1) Demokratik reformlar yapmış, AB ye girmiş, zenginliğini arttırmış, onca -tabii ve insan- kaynaklarını doğru yönde kullanan Türkiye’nin bir parçası olarak yaşamak isteyen milyonlarca Kürt. Savaş değil reform istiyor. 80 senedir bu reformun gerçekleşmediğini gördüğü için PKK sorununa sessiz kalıyor. Çünkü PKK tehdidi olmasa devletin yerinden kımıldayacağı yok. DTP bu grubu temsil eder.

2)PKK’dan da, oligarşiden de, baskıcı zihniyetten de, yasaklardan da, derin devlet pisliklerinden de bıkmış usanmış olan (etnik kimliği öne çıkartmayan) demokratlar, liberaller, Müslüman demokratlar, solcu demokratlar, ikinci Cumhuriyetçiler, sanayiciler, büyük-küçük işadamları, aydınlar, iç-dış yatırımcılar, velhasılı nüfusun yarısından fazlası olan halk.

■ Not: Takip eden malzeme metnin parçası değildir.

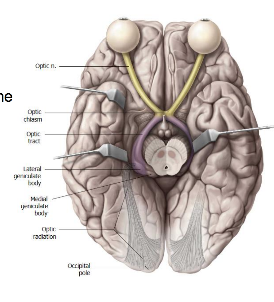 Ganglion cells in retina –> optic nerve –> exit orbit via optic canal –> middle cranial fossa –> lateral geniculate bodies of thalamus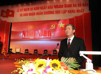 Đồng chí Đinh Thế Huynh cùng lãnh đạo, phóng viên, biên tập viên tại lễ kỷ niệm 65 năm Ngày Báo Nhân Dân ra số đầu và đón nhận Huân chương Độc lập hạng nhất. (Ảnh: TRẦN HẢI)

3) “Demokratik reformlar yapmış, AB ye girmiş, zenginliğini arttırmış, onca -tabii ve insan- kaynaklarını doğru yönde kullanan Türkiye” durumunda gizli iktidarını yitirecek olan erkan.

4) Ve malum PKK.

*          *           *

Birinci ve ikinci maddedeki kesimlerin amaçları ve çıkarları hemen hemen örtüştüğü gibi göze batar bir çelişkileri de yoktur. Fakat üçüncü ve dördüncü grupların “ayak oyunları ve taktikleri” kafa karışıklığına, duygu sömürüsüne ve anlık reaksiyona maruz kalmalarına sebep oluyor.
Bu gruptakiler fokuslarını kaybetmeyip illa da Demokrasi taleplerini diğerlerine “dank” ettirmekten taviz vermemeliler. Çünkü er geç kazanacak olanlar onlardır. Ne kadar önce bu kazanımlar elde edilirse o kadar kardır.

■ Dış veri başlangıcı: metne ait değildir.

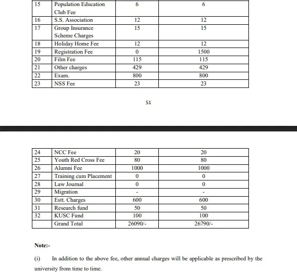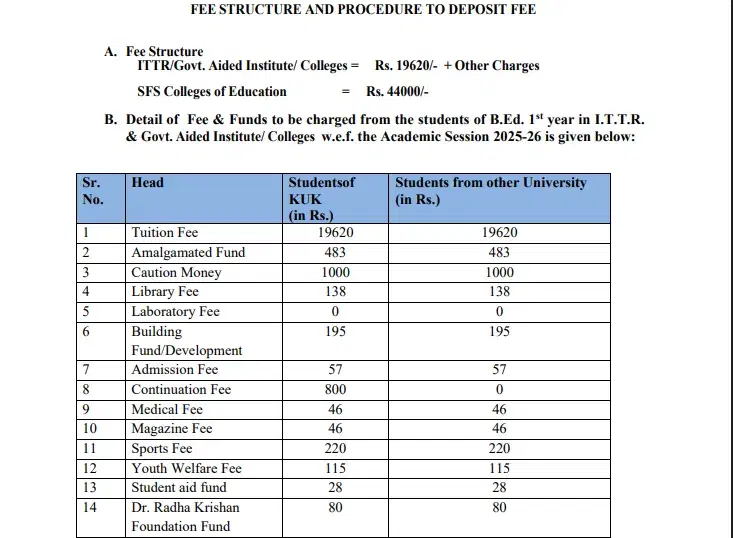 The B.Ed. 1st year fee (2025–26) is Rs. 19,620 + other charges for ITTR/Govt. Aided Colleges and Rs. 44,000 for SFS Colleges. Including tuition, caution money, library, building, admission, continuation, medical, sports, youth welfare, and other funds, the grand total comes to Rs. 26,090 for KUK students and Rs. 26,790 for students from other universities, with additional annual charges applicable as per university norms.

Üçüncü gruptakiler gizli iktidarlarını her gün biraz daha kaybetmektedirler. Kendi tabileriyle “devletin kaleleleri birer birer düşmektedir”.
Atanmışlar yerine seçilmişlerin gerçek iktidara önce mecliste (yasama), sonra hükümet ve Cumhurbaşkalnlığı (yürütme) ve de reforme edilmiş anayasal adalet sistemiyle (yargı) sahip olması onları tamamen güçsüz kılmakta bu gerçekler onları daha agresif yapmaktadır.

PKK öncesi 60 sene Kürt sorununda parmağını kımıldatmayıp halının altına süpürmeyi tercih eden bu kesim, PKK’nın (yerel ve AB baskıları, elebaşının yakalanması vs nedenlerden sonra) ateşkes ilan edip sivil toplum kesimlerinin her iki tarafa da çağrı yaptığı zamanlarda aksine hareket edip bölgeye tümenler-tugaylar yığarak sorunu daha da körüklemiş, soğumasını engellemiştir.

Her çatışmada bir gün; falanca sayıda terörist oldurduk diye ilan ederken ertesi gün o çatışmanın devamında şehit verdiğinde halk kitlelerini galeyana getirecek manşetlerle kendi maksadı doğrultusuna çekmeye çalışmıştır. Bunu yaparken bir yandan da mevcut hükümeti köşeye sıkıştırmaya, tuzağa düşürmeye özen göstermiştir.
Dördüncü grubu oluşturan PKK ise her ne halükarda olursa olsun Türkiye’nin bölünmesine Türkiye’nin kendisinden başka kimsenin gücünün yetmeyeceğini ÇOK İYİ BİLMEKTEDİR.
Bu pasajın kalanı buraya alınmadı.